Most of the R devs I know like this are just butthurt they are paid less and refuse to switch because they’re obstinate, or they’re a little scared they’re being left behind. first group is all over the place, but the second group tends to skew older of course
R is heavily influenced by Scheme. Not only is it heavily functional, but it has metaprogramming capabilities allowing a high level of flexibility and expressiveness. The tidyverse libraries use this heavily to produce very nice composable APIs that aren't really practically possible in Python.
R is fine. The issue is more in the ecosystem (with the aforementioned exception of the tidyverse).
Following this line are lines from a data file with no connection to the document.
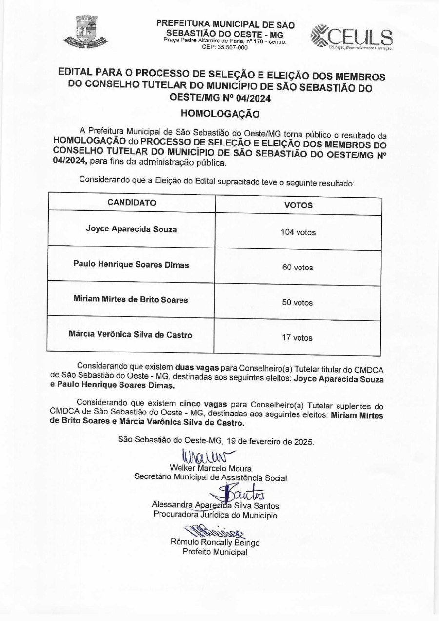 Homologação - Edital para o Processo de Seleção e Eleição dos Membros do Conselho Tutelar do Município de São Sebastião do Oeste/MG Nº 04/2024
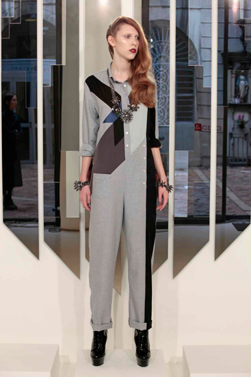 Het Epigram, “Der Mittler zwischen Hirn und Händen muss das Herz sein“, dat Fritz Lang de kijker meegeeft voorafgaand aan zijn film Metropolis uit 1927, is van grote betekenis voor onze herfst/wintercollectie. We lieten ons voor de herfst/wintercollectie 2010-11 inspireren door het zichtbare pracht en praal van Metropolis dat contrasteert met de sombere en smoezelige wereld diep onder de stad. Edelmetaalachtige en glanzende zijde perfect gecombineerd met matte stoffen zoals katoen en wol, benadrukken het contrast. Krachtige scherpe geometrische patronen worden afgewisseld met ronde en glooiende vormen. Prints verwijzen naar de imponerende industriële gebouwen uit Metropolis. Diepe donkere verzadigde kleuren worden door heldere kleuren verlicht.
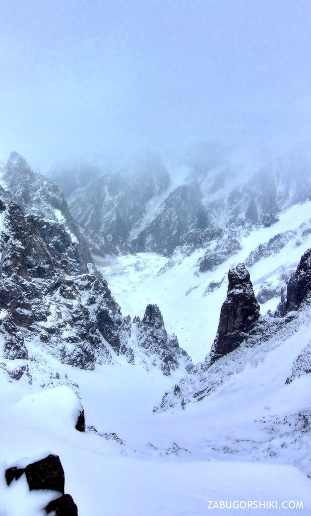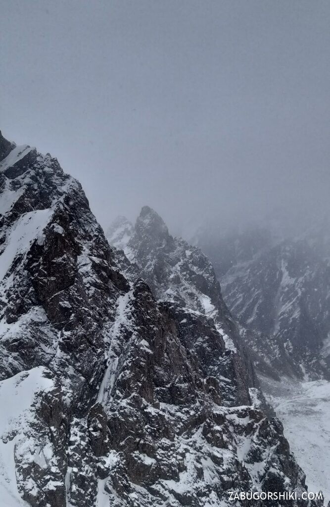 Слева идет отрог ведущий к Физкультурнику, не туда а прямо по холодному леднику. Б-ррр.
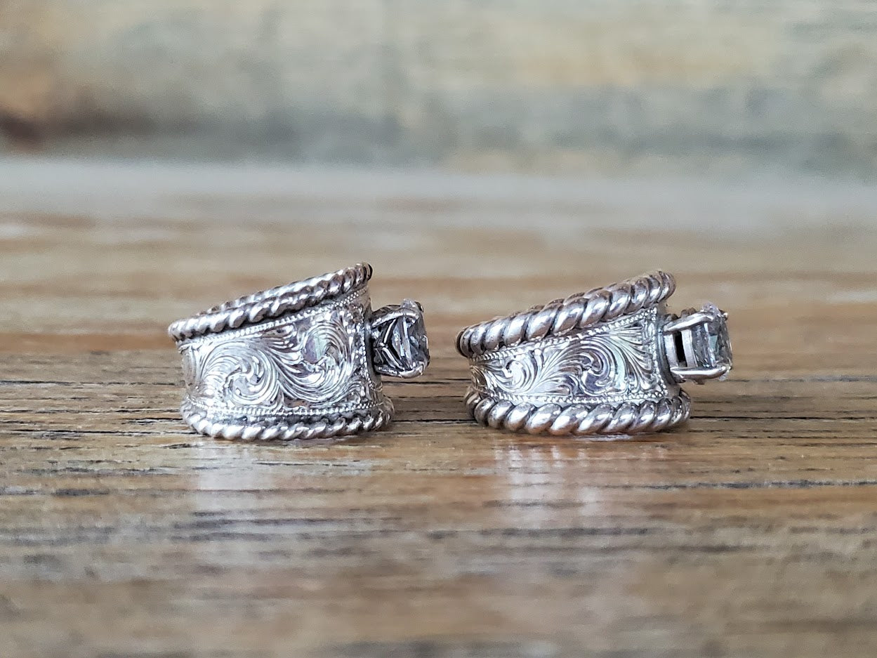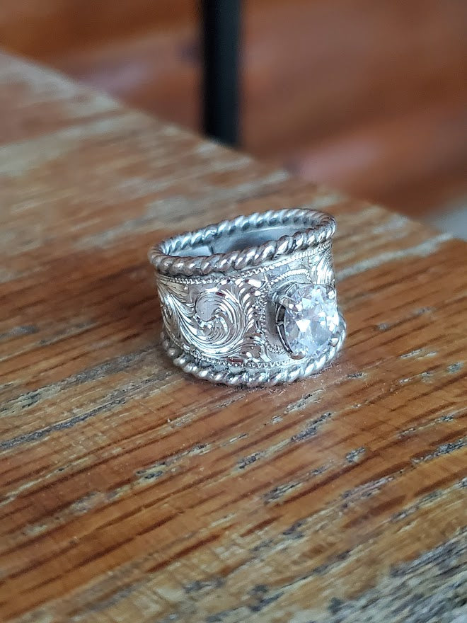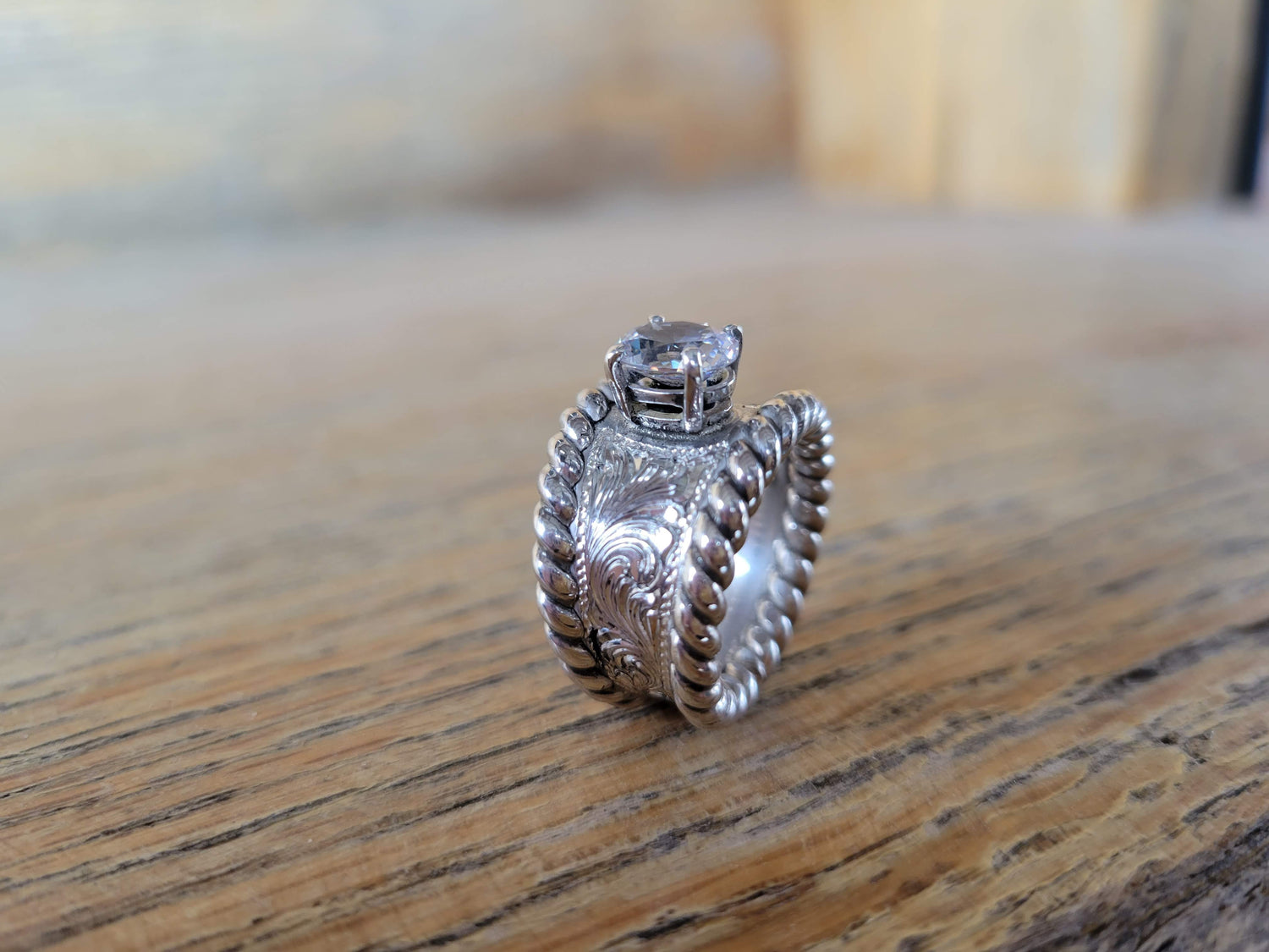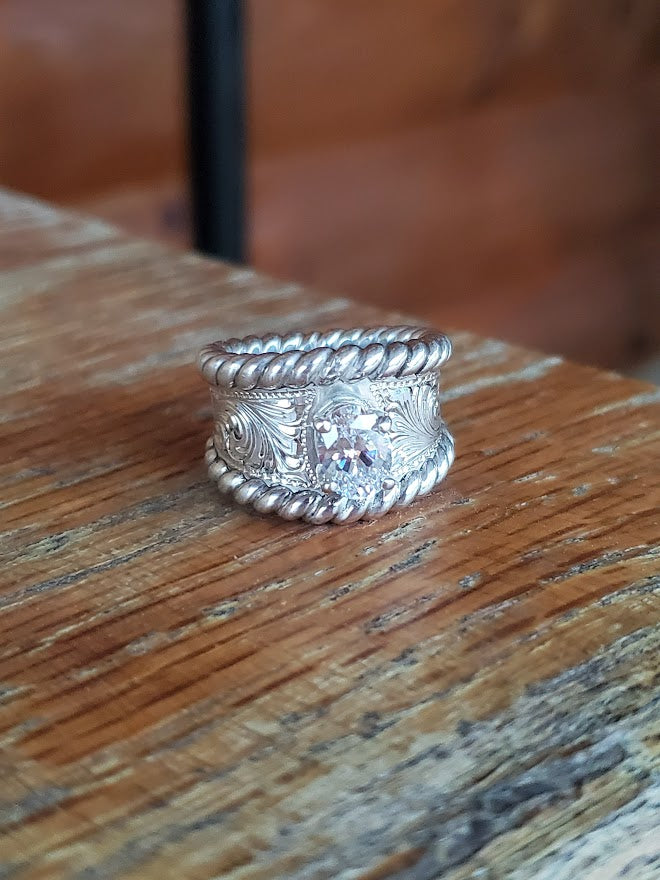 Sterling Silver Engraved Ring with Unique Oval Setting and Rope Edge

> Most of the R devs I know like this are just butthurt they are paid less and refuse to switch because they’re obstinate, or they’re a little scared they’re being left behind. first group is all over the place, but the second group tends to skew older of course
Look, I started with R and use mostly Python these days, but this is not really a fair take.
R is (still) much, much, much better for analytics and graphing (the only decent plotting library in python is a ggplot clone). The big change (and why Python ended up winning) is that integrating R with other tools (like web stuff, for example) is harder than just using Python.
pandas (for instance) is like an unholy clone of the worst features from both R and Python. Polars is pretty rocking, though (mostly because it clones from Spark/dplyr/linc).
It's another example of Python being the second best language for everything winning out in the marketplace.
That being said, if I was starting a data focused company and needed to pick a language, I'd almost certainly build all the DS focused stuff in R as it would be many many times quicker, as long as I didn't need to hire too many people.